• _Prompt_: Stop after the line holding "嘉興信元精密模具科技有限公司-感謝函". Repeat exactly every line before it in the records below, that line too, and leave out the pictures.

[Saved data entries]
▼
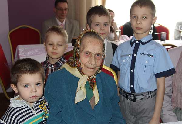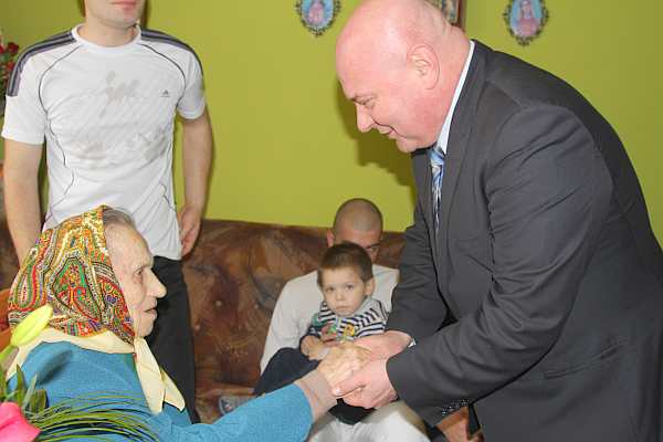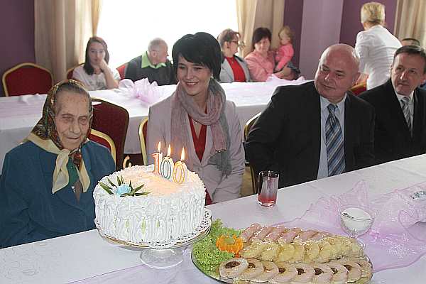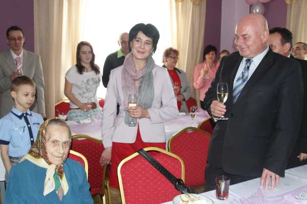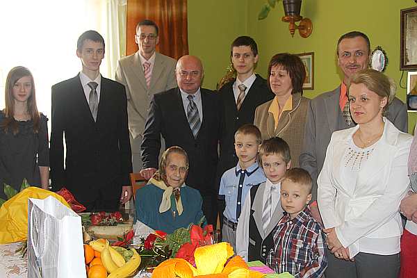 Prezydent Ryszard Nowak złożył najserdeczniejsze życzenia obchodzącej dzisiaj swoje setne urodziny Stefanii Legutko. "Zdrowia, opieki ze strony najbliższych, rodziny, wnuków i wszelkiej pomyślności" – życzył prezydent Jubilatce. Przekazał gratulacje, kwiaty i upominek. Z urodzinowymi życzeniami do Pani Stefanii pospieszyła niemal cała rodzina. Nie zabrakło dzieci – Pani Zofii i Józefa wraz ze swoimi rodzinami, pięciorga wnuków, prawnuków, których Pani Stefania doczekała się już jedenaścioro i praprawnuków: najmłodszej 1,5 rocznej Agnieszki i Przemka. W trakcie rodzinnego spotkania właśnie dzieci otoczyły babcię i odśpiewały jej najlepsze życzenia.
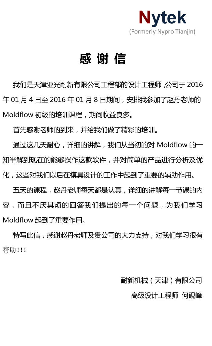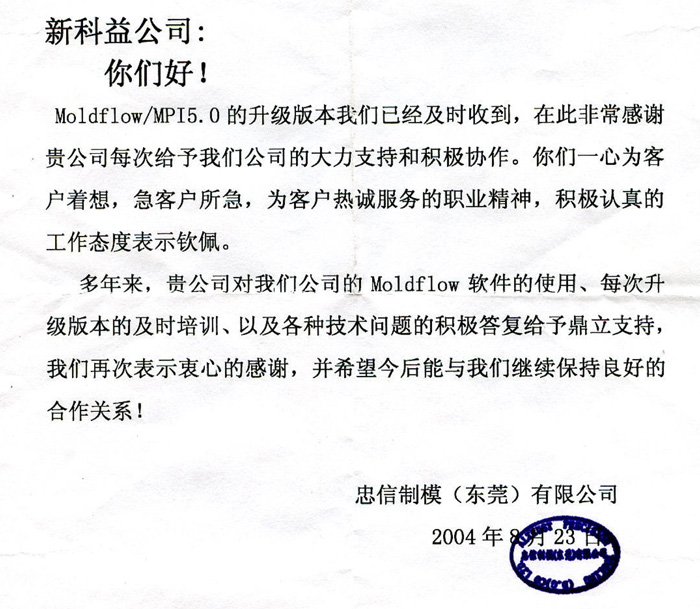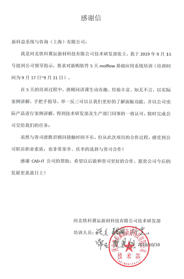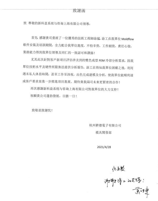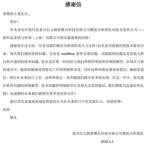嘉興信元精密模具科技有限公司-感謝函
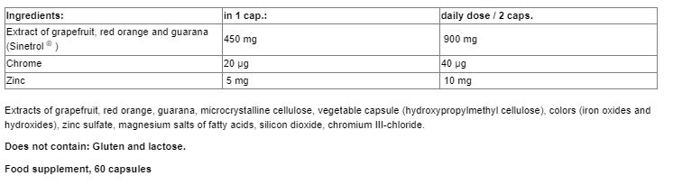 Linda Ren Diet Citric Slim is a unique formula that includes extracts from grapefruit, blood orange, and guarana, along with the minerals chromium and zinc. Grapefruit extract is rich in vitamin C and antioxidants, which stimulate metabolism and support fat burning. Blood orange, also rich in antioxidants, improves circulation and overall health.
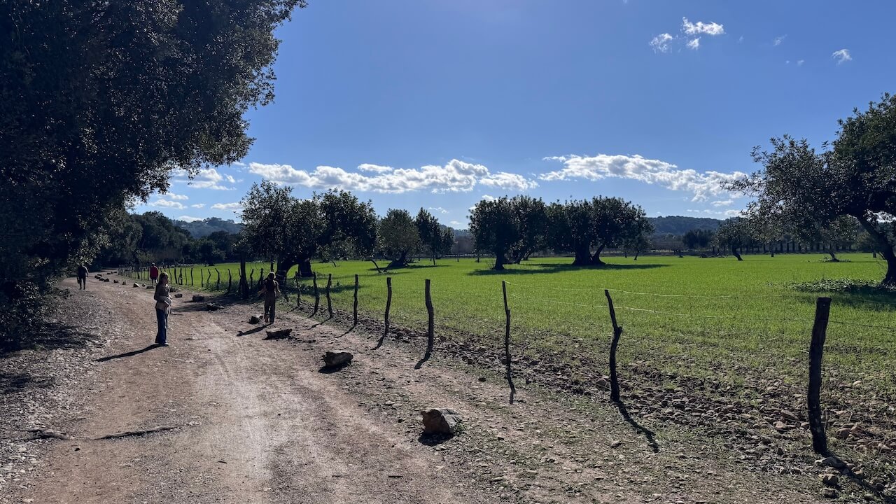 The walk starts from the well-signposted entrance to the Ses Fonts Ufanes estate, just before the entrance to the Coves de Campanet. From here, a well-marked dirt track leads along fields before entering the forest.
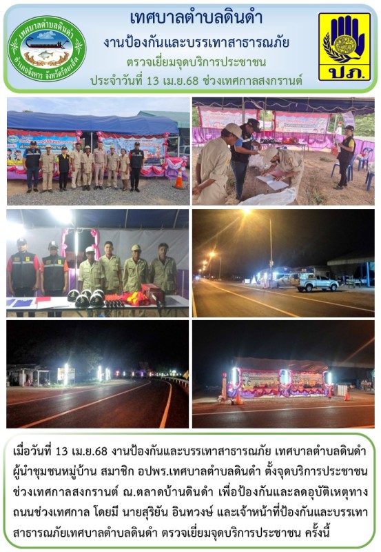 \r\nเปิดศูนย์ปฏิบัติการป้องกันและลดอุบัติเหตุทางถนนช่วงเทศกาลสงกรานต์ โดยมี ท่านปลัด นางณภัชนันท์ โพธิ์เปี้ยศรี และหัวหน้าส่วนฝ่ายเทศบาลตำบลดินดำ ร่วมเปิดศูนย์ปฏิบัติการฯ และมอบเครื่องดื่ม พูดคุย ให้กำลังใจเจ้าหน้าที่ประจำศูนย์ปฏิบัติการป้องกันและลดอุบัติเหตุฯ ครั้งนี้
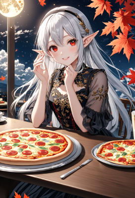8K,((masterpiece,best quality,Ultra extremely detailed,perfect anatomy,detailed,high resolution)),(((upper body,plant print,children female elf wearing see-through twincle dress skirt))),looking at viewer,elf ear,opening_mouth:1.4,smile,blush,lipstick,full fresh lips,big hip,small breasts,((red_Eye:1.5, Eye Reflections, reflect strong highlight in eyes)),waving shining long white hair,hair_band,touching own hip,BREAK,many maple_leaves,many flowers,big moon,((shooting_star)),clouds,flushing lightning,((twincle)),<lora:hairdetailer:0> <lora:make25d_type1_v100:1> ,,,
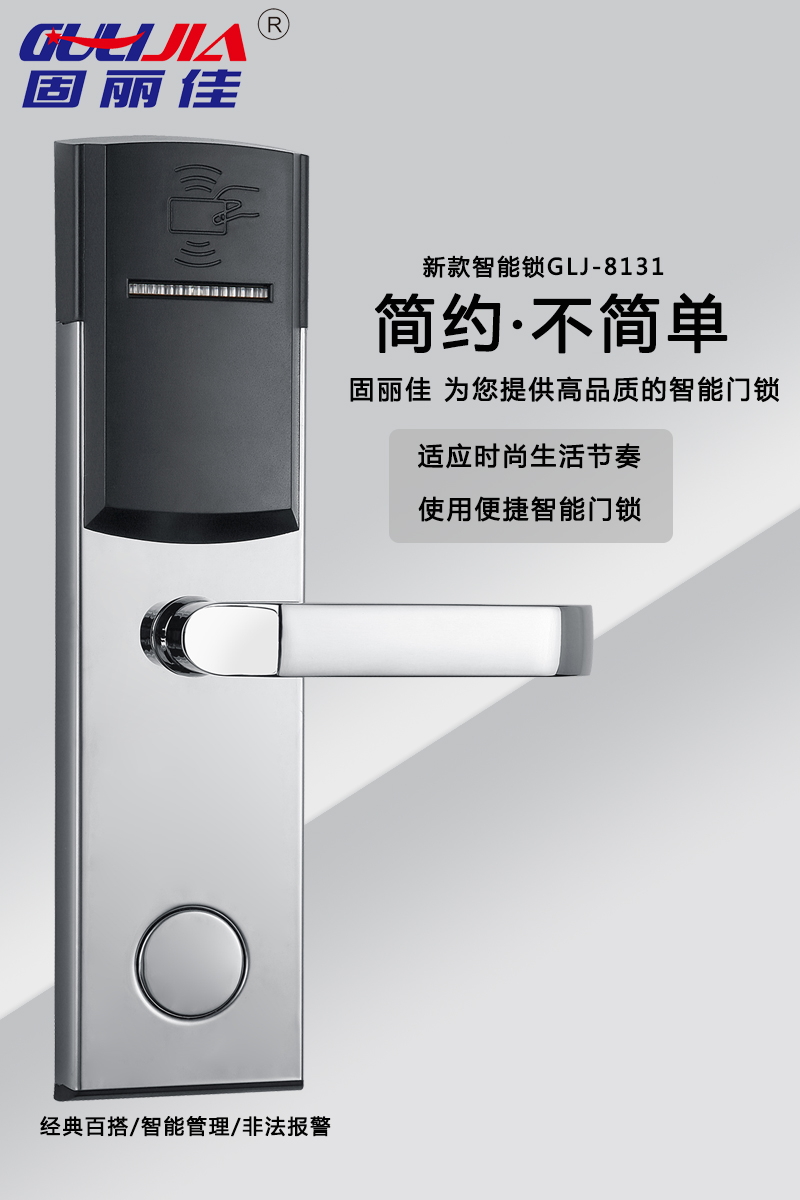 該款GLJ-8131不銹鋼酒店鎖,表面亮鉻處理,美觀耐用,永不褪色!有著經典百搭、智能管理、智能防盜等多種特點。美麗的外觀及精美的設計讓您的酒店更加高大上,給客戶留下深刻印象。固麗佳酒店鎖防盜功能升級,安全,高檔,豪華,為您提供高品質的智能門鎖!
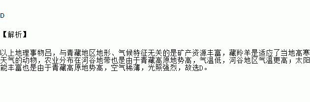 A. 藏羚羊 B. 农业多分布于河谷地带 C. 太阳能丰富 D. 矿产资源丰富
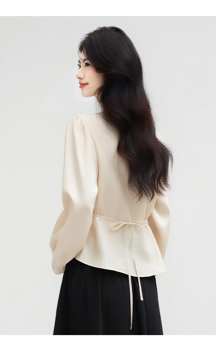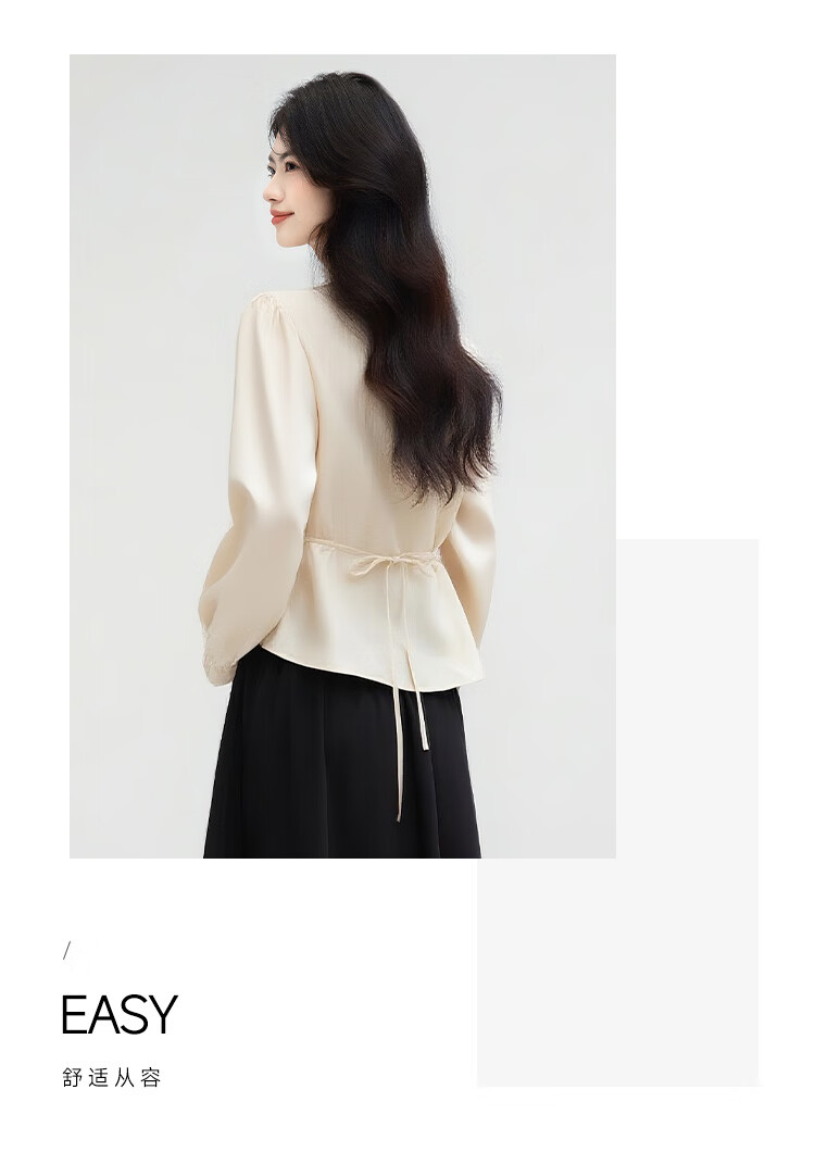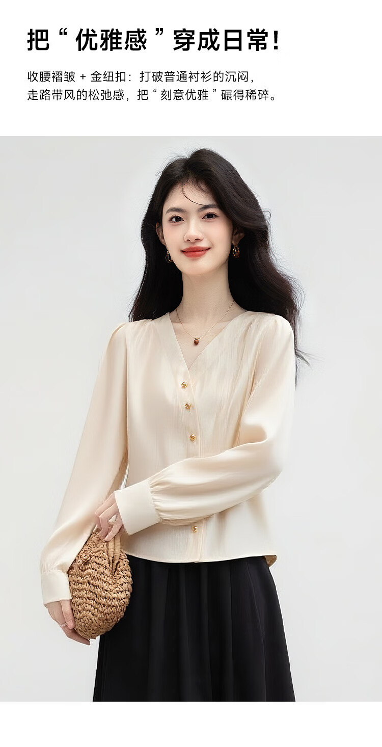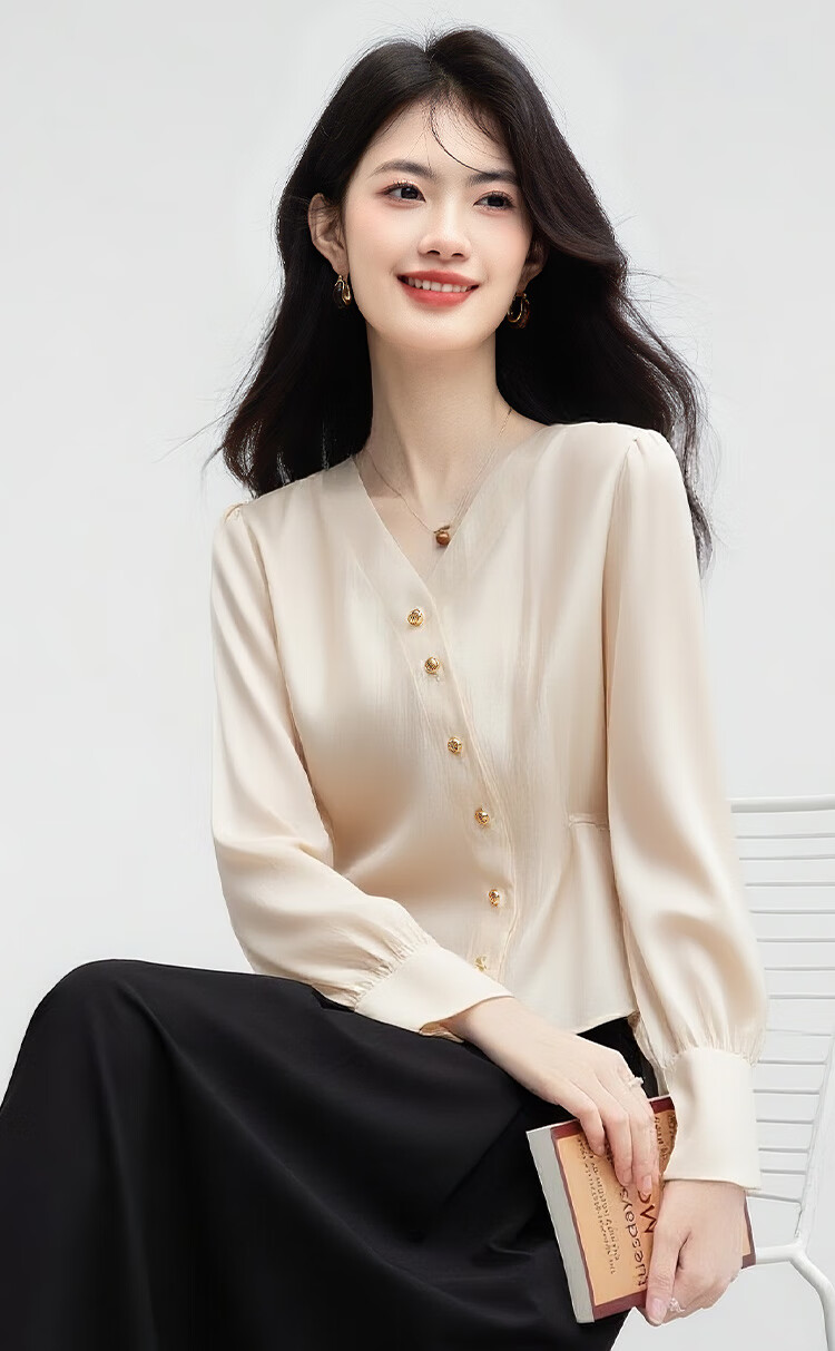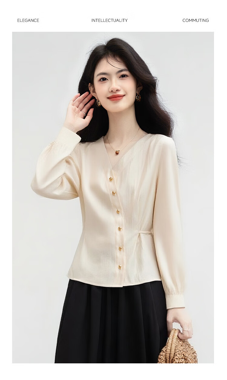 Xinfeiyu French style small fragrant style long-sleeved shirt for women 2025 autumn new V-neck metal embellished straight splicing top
▲
• _Written solution_:
 Prezydent Ryszard Nowak złożył najserdeczniejsze życzenia obchodzącej dzisiaj swoje setne urodziny Stefanii Legutko. "Zdrowia, opieki ze strony najbliższych, rodziny, wnuków i wszelkiej pomyślności" – życzył prezydent Jubilatce. Przekazał gratulacje, kwiaty i upominek. Z urodzinowymi życzeniami do Pani Stefanii pospieszyła niemal cała rodzina. Nie zabrakło dzieci – Pani Zofii i Józefa wraz ze swoimi rodzinami, pięciorga wnuków, prawnuków, których Pani Stefania doczekała się już jedenaścioro i praprawnuków: najmłodszej 1,5 rocznej Agnieszki i Przemka. W trakcie rodzinnego spotkania właśnie dzieci otoczyły babcię i odśpiewały jej najlepsze życzenia.
嘉興信元精密模具科技有限公司-感謝函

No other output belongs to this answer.